Я – это Александр Гроцин, двадцать три года, сын владельца финансово-промышленной группы, а не подземная крыса по имени Иан (Да, это теперь моё новое имя). Я – это квартира в центре столицы с видом на парк и дизайнерским ремонтом, а не мрачные, узкие, темные вонючие коридоры, высеченные из камня, покрытого светящимся в темноте мхом. Вместо изысканной мебели – каменное крошево, полусгнившее дерево и крысы размером с закормленную собачку соседки напротив. Вроде, ее все Банкой звали… Черт, это-то мне сейчас зачем? Соседка, небось, сейчас сидит у подруги и попивает мартини, а я…
Еще я – это костюм от «Каналли», который шился для меня на заказ, а не грубая ткань, едва-едва прикрывающая то, что ты должен прикрывать согласно канонам приличия. Это сумка «Луи Виттон» из Мюнхена которую я забрал прямо с витрины, потому что коллекцию только готовили к продаже, и мне пришлось проявить чудеса красноречия чтобы убедить фрау отдать ее мне. Или мой любимый ремень от «Гермес», с пряжкой, сделанной в единственном экземпляре, и врученный лично хозяином магазина. Где ты? Почему ты превратился в грубую лоснящуюся ворсом веревку, на которой узлов больше чем самой веревки? Мне казалось, что я – это еще и дорогой одеколон, но нет! Тот аромат, что сопровождал меня здесь, вообще невозможно вообразить даже в страшном сне! Господи, как я сюда попал?! И куда, сюда?? А, главное, за что мне все это?
Пока я предавался воспоминаниям, не заметил, как пришли. Я тут уже бывал раза два или три. Низкий коридор, по которому я тащился вслед за Троком, заканчивался просторным помещением метров шести в высоту и десяти в диаметре. Если бы не набившая оскомину полутьма и кучи битого камня под ногами, его можно было бы назвать дворцом, по крайней мере для здешних его обитателей. Хотя ни для кого, кроме меня, мусор не вызывал никаких негативных эмоций. Ну есть и есть. Ходить и жить не мешает.
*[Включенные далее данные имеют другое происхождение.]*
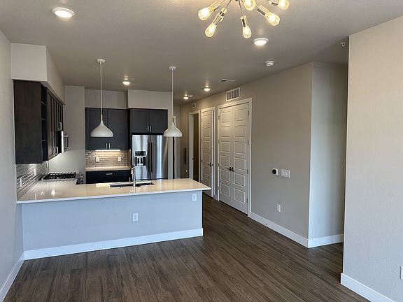 Welcome to Unit 603 at Encore, Castle Rock's premier luxury condominium community. This stunning 2-bedroom, 2-bathroom residence offers high-end living in the heart of downtown, with everything you need just steps from your front door. Perched on the 6th floor, this light-filled unit features sweeping views of the mountains and the vibrant downtown scene below. Inside, you'll find a thoughtfully designed open floor plan with wood-style flooring, tall ceilings, and oversized windows that flood the space with natural light. The chef-style kitchen is equipped with quartz countertops, stainless steel appliances, and a gas range! The primary suite is a true retreat with a large walk-in closet and an elegant en-suite bathroom. The second bedroom and full bath offer flexibility for a guest room or home office. Step outside onto your private balcony to enjoy a quiet cup of coffee or watch the sunset over the Rockies. This unit includes in-unit laundry, central heating and cooling, and two reserved covered parking spaces in the secure garage. Utilities are covered with a $250/month RUBS fee, which includes water, sewer, trash, and parking. Encore's resort-style amenities are among the best in Castle Rock. Residents enjoy access to a full fitness center, pet wash, golf simulator, community lounge, business center with private meeting rooms, and an outdoor terrace complete with firepits, grills, and a dog run. With secure building access, elevators, and a location that's walkable to shops, dining, Festival Park, breweries, and morethis is truly downtown Castle Rock living at its best. Rent: $2,649/month RUBS: $250/month (includes water, sewer, trash, and 2 parking spaces) Located just steps from Festival Park, restaurants, breweries, and year-round events in downtown Castle Rock. Don't miss this rare opportunity to live in one of Castle Rock's most sought-after communities. Schedule your tour today! $50 Application Fee Must Pass Credit, Criminal and Eviction Checks Credit requirements: Applicants must have a credit score of at least 550 or No established credit to be considered for conditional approval. Applicant has the right to provide Anchor Real Estate with a Portable Tenant Screening Report (PTSR) that is not more than 30 days old, as defined in 38-12-902(2.5), Colorado Revised Statutes; and 2) if Applicant provides Anchor Real Estate with a PTSR, Anchor Real Estate is prohibited from: a) charging Applicant a rental application fee; or b) charging Applicant a fee for Anchor Real Estate to access or use the PTSR.

Неизвестный мастер пожадничал и не стал вкладывать в это помещение даже маленького кусочка своей души, поэтому оно выглядело так, слово камень в нем просто срезали гигантским ножом для сыра. Пласты камня убраны кое-как, купол вышел неровным, заваливаясь на один бок. Видел ли это кто-то, кроме меня? Сомневаюсь, что кому-то было дело до архитектора-недотепы. Мне, впрочем, тоже, хотя дышалось здесь чуть полегче. Каким образом в этих подземельях существуют люди? Никакого движения воздуха, антисанитария и полное отсутствие удобств. Про удобства вообще разговор особый…
Не Версаль, с горькой усмешкой подумал я, даже не думая переступать порог. Этому меня тоже научили, правда, оказалось достаточно всего двух неудачных попыток. Я стремительно умнел.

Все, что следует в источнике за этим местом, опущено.